Андре Моруа - Для фортепиано соло. Новеллы
— Автомобильная авария… Его привезли домой вечером, без сознания… А он уехал утром такой счастливый… его только что повысили по службе.
— Он был чиновник?
— Нет… Большая химическая фабрика. В тридцать семь лет он стал третьим лицом в деле. Может, очень скоро стал бы большим руководителем.
— У вас есть дети?
— У меня нет даже этого утешения.
Они подошли к главному входу. Старший сторож поздоровался с ними немного игриво.
— Вот, — сказал он своему помощнику, когда они отошли подальше, — эта парочка… О, так-то оно и лучше… А?
В следующий четверг, словно отныне это уже было договорено, они, после того как посетили могилы своих близких, вместе пошли к выходу. Этьенн рассказал о своей жизни. Он учитель старших классов в большом лицее в Париже; еще он пишет. Один журнал даже предложил ему стать их литературным обозревателем.
— Когда моя жена умерла, я начал писать пьесу. А сейчас не могу заставить себя вновь приняться за нее.
— Нужно, — сказала она. — Ваша жена не одобрила бы этого.
Он оживился:
— О, это уж точно! Она подталкивала меня на этот путь.
Мадам Констан сказала, что тоже любит театр. У нее даже есть кое-какие работы по словесности, неожиданно успешные: две — для экзамена на степень бакалавра, одна — на право преподавать английский.
— Так это прекрасно! А деловая среда мужа не утомляла вас?
— Нет, пока Антуан был жив. Чтобы доставить ему удовольствие, я принимала всех подряд… Конечно, я предпочла бы встречаться с писателями, художниками, но с ним…
Он спросил, видела ли она на этом кладбище памятники Сен-Бёву, Бодлеру. Она не знала их, и он предложил проводить ее к ним. Она сочла их безобразными.
— Нет, — сказал он. — Просто это другая эпоха.
Потом они еще долго гуляли, беседуя так увлеченно, что не заметили, как небо затянулось, и даже не услышали отдаленных раскатов грома. Когда они подошли к воротам, с неба уже падали крупные капли дождя.
— Я возьму такси, — сказала она. — Здесь неподалеку есть стоянка.
— Я последую вашему примеру. Это уже больше, чем просто ливень, это потоп.
Они пошли быстро, потом, насквозь промокнув, побежали. На стоянке оказалась единственная машина.
— Садитесь скорее, — сказал он.
— А вы?
— Я подожду. Скоро приедет другая.
— В такую-то погоду? Я не уверена. Могу я подвезти вас по пути?
— А куда вы едете?
— Домой, — сказала она. — Авеню Мозар.
— Как удачно! Я живу рядом, на улице Помп. Это я вас подвезу по пути.
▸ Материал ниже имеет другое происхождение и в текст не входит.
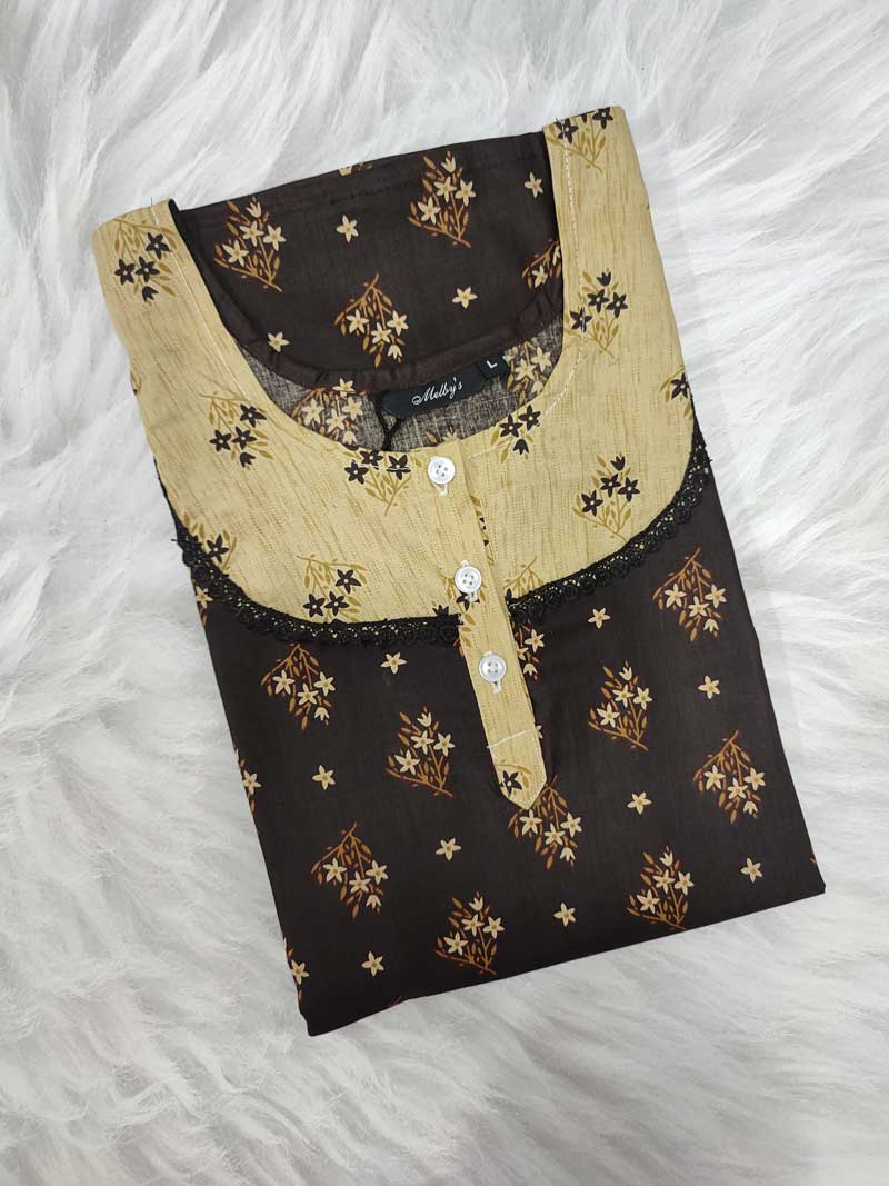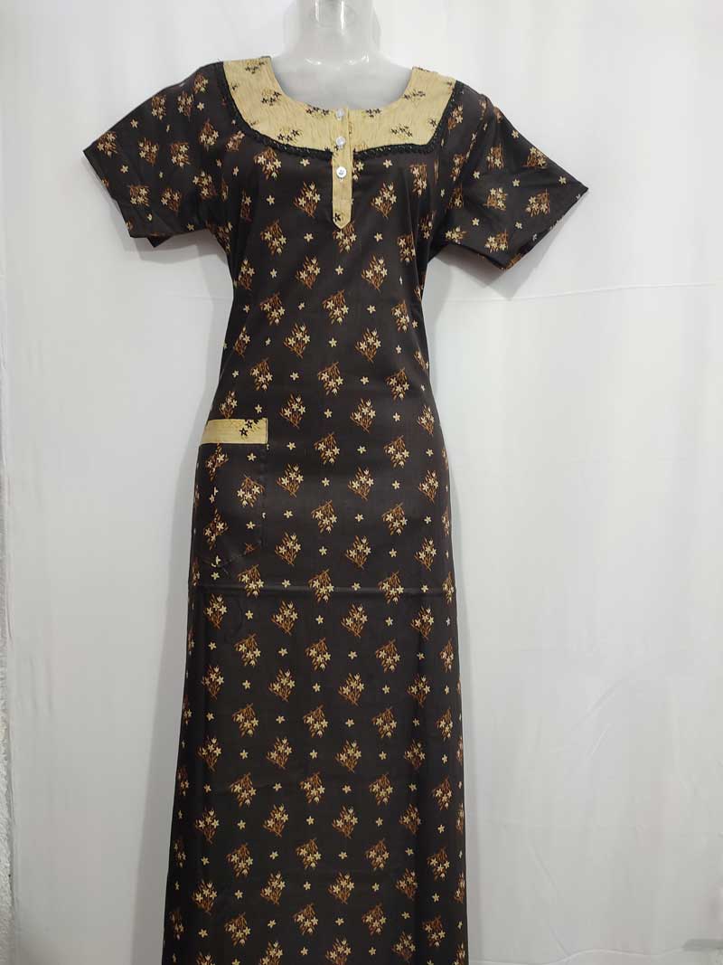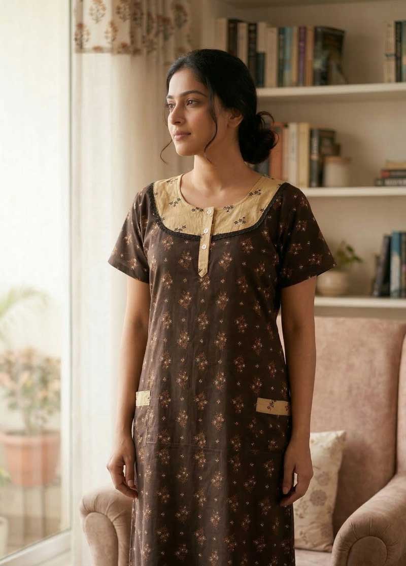 Comfortable Churidar Model Cotton Nighty, 55 Inches Long- Brown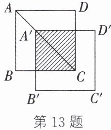 13.(益阳中考)如图,将边长为 3 的正方形 ABCD 沿其对角线 AC 平移到正方形$A'B'C'D'$的位置,使点 A 的对应点$A'满足AA'= \frac{1}{3}AC$,则所得正方形与原正方形重叠部分的面积是______.
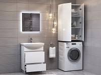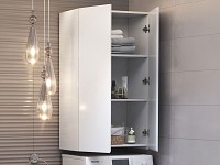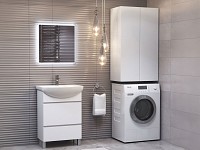 Конструкция экономит пространство, позволяя разместить необходимые аксессуары, косметику и моющие средства. Влагостойкие материалы обеспечивают привлекательный вид и долговечность мебели. Интегрированные ручки делают эксплуатацию более комфортной.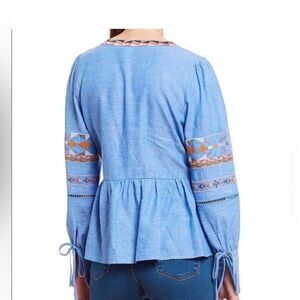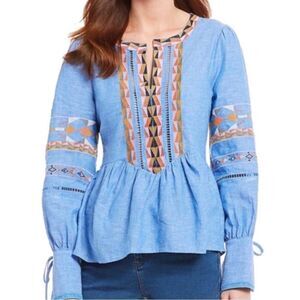Inimitable a loves a top, size large embroidered blue chambray linen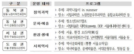 캠프 프로그램은 권역별(동북·동남·서남·도심)로 운영된다. △창의과학 △문화·예술 △생태·환경 △사회역사 등 4가지 테마를 중심으로 지역의 특성 및 청소년의 관심사 등을 반영해 다채로운 코스로 구성했다.
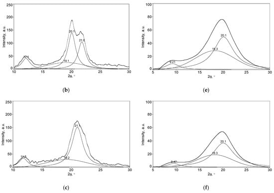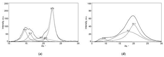 XRD investigations were performed by using a Bruker-AXS D8 ADVANCE (Bruker AXS GmbH, Karlsruhe, Germany) apparatus, having a transmission type goniometer based on Ni-filtered, Cu-Kα radiation at 40 kV. The goniometer was scanned stepwise every 10° from 10° to 40° within the 2θ range. The resulting diffraction patterns exhibited peaks that were deconvoluted from a background scattering by using Lorenzian functions, while the diffraction pattern of an artificially amorphized sample was approximated by a Gaussian functions curve fitting analysis [,]. The data were obtained using XRD Commander software (Bruker AXS GmbH, Karlsruhe, Germany) and were processed with DIFFRAC.EVA V1.1 (Bruker AXS GmbH, Karlsruhe, Germany). The crystallinity index (CrI) was calculated by using the following equation []: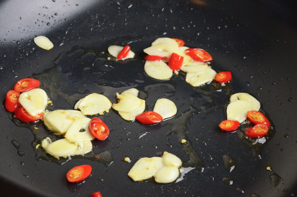 - Heat up a wok over medium heat with 2 tbsp of oil, sauté garlic and chillies for 45 seconds.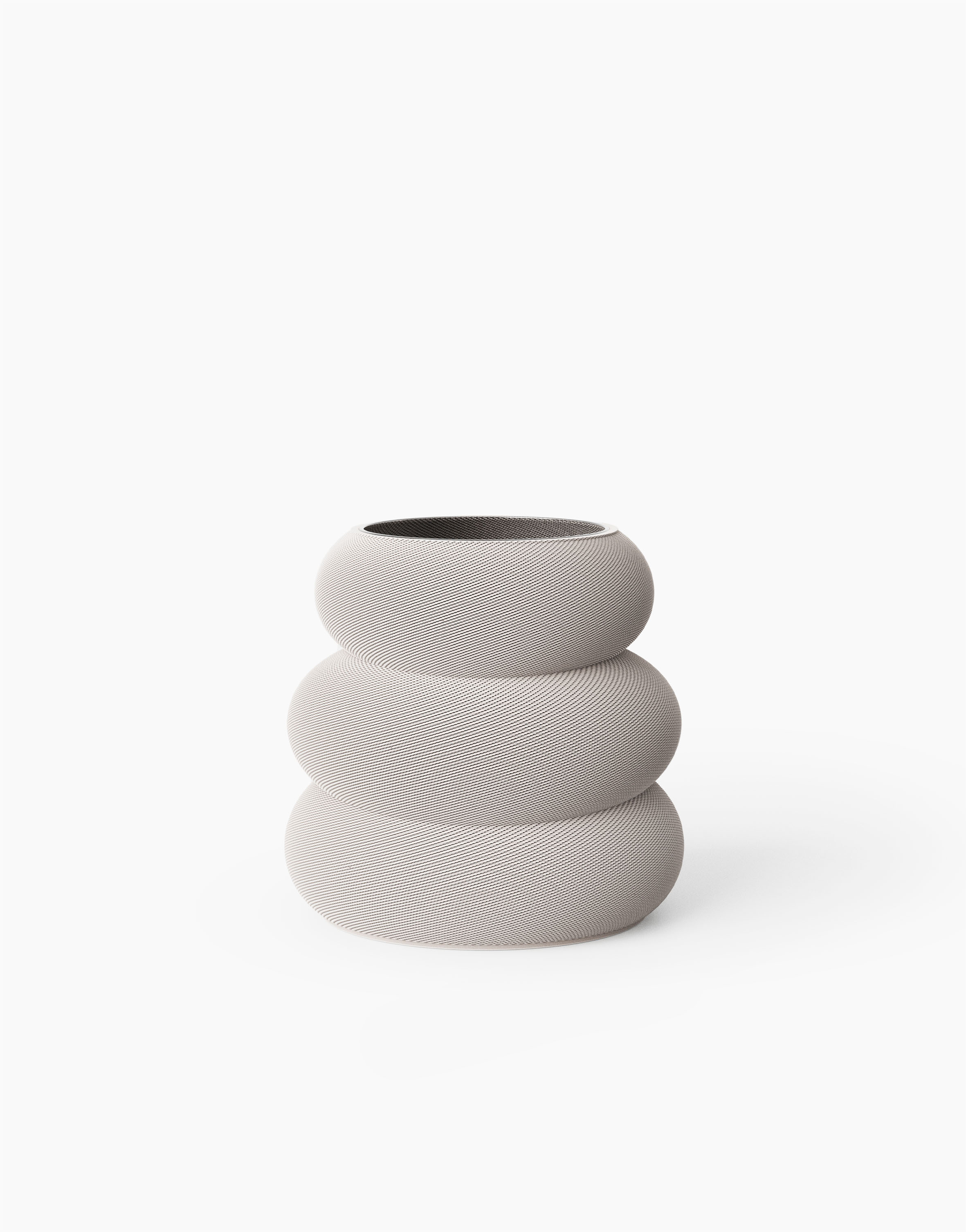 Die größere Flow Vase besticht durch kunstvoll gestapelte, organische Ringe, die eine dezente Wellenform aufweisen. Die stilvolle Designsprache dieser Vase macht sie zu einem einzigartigen Blickfang in jedem Wohnraum.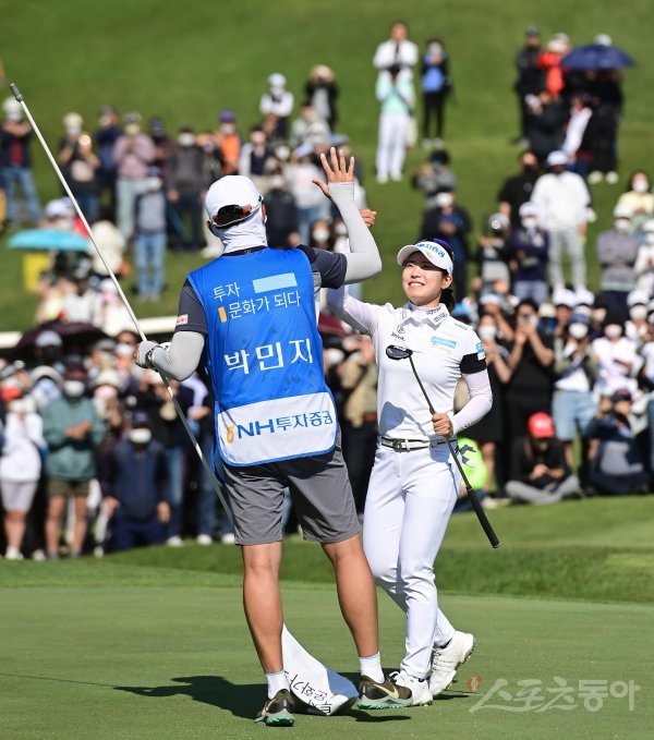 15일 경기도 용인시 수원컨트리클럽에서 열린 KLPGA투어 ‘2022 NH투자증권 레이디스 챔피언십’에서 박민지가 11언더파로 우승을 확정지은 뒤 캐디와 기쁨을 나누고 있다.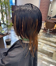 カットが終わり緑色が効果的に作用するように側頭骨より下をブリーチする事にする

Они посостязались в великодушии, потом она уступила и сказала свой адрес. Когда они оказались вместе в такси, их охватила робость. Они забились в противоположные углы салона и молчали. Он вспоминал один вечер, когда провожал свою коллегу пешком из лицея, и они встретили Люсиль. Она рассердилась на него: «Если б я не увидела вас, ты сказал бы мне об этом?»
Он тогда ответил: «Конечно… Она плохо себя чувствовала и цеплялась за меня; не мог же я ее оставить… Впрочем, она на двадцать лет старше тебя». — «Ну и что? Она еще очень красива».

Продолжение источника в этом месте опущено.